The other thing that amazes me is that in the original case the ICP hired this lady

http://abovethelaw.com/wp-content/uploads/2013/09/Andrea-218x300.jpg

as a publicist, she gets all butt-hurt when they act even slightly like their 24/7 stage personas:

Plaintiff, an in-house publicist and attorney for the outlandish and controversial music group “The Insane Clown Posse” (known as “ICP”) was subjected to constant and pervasive harassment during her tenure, including having a large dildo given to her while at work, and being presented with “vagina tighteners.” Plaintiff was mocked, belittled, and the subject of
sexual advances from top level persons at ICP’s label, Psychopathic Records. Plaintiff was even asked to do illegal and/or unethical things at her job, including Defendants asking her to obtain automatic tommy-guns for a photo shoot. When Plaintiff refused to act unethically or illegally, and reported the sexual harassment she was experiencing at the hands of Defendants, she was terminated.
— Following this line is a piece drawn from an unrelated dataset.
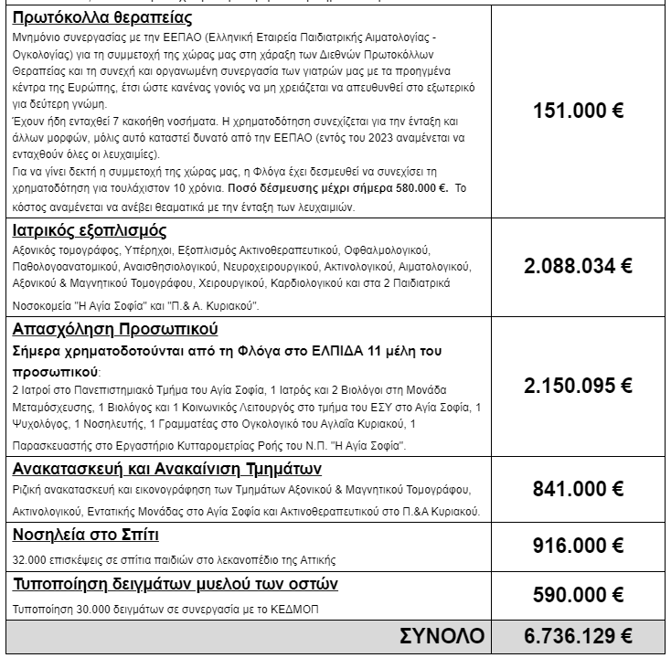 Δεν περιλαμβάνονται μικρότερα ποσά για την καθημερινή προμήθεια αναλωσίμων, ηλεκτρικών συσκευών, αποστολής δειγμάτων ιστών στο εξωτερικό, παρακολούθηση συνεδρίων στο εξωτερικό ιατρών/νοσηλευτών, επιστημονικές δημοσιεύσεις κ.λπ. στο ΕΛΠΙΔΑ.
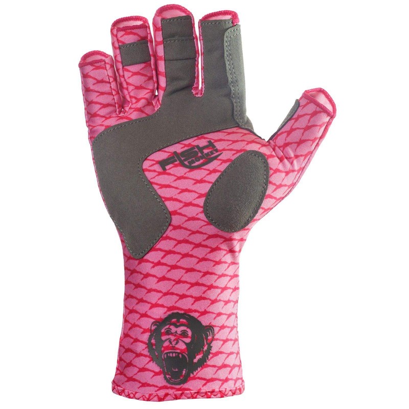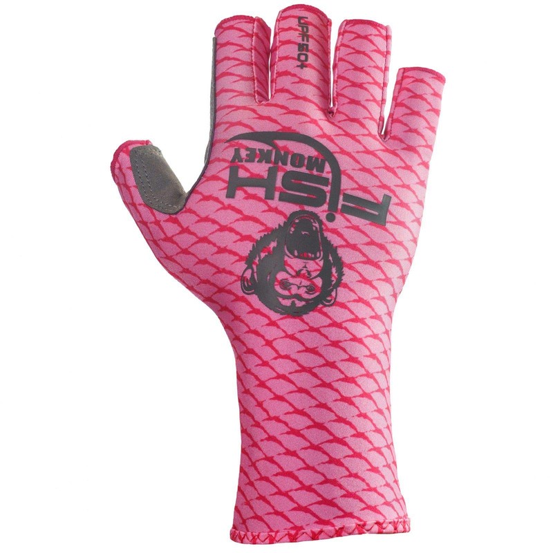 Fish Monkey FM11-PNKSCALE-L Half Finger Guide Glove Pink Scales L

First, we know that hundreds of prop houses coast to coast can get you tommy guns. Dozens can provide live weapons for a photo shoot. So that's bullshit.

This only re-enforces my opinion of ICP: Too dumb to hire decent lawyers to make sure they lock this kind of stuff up in the contract. But I'm sure she will settle for something big enough to pay the lawyers and small enough to be affordable.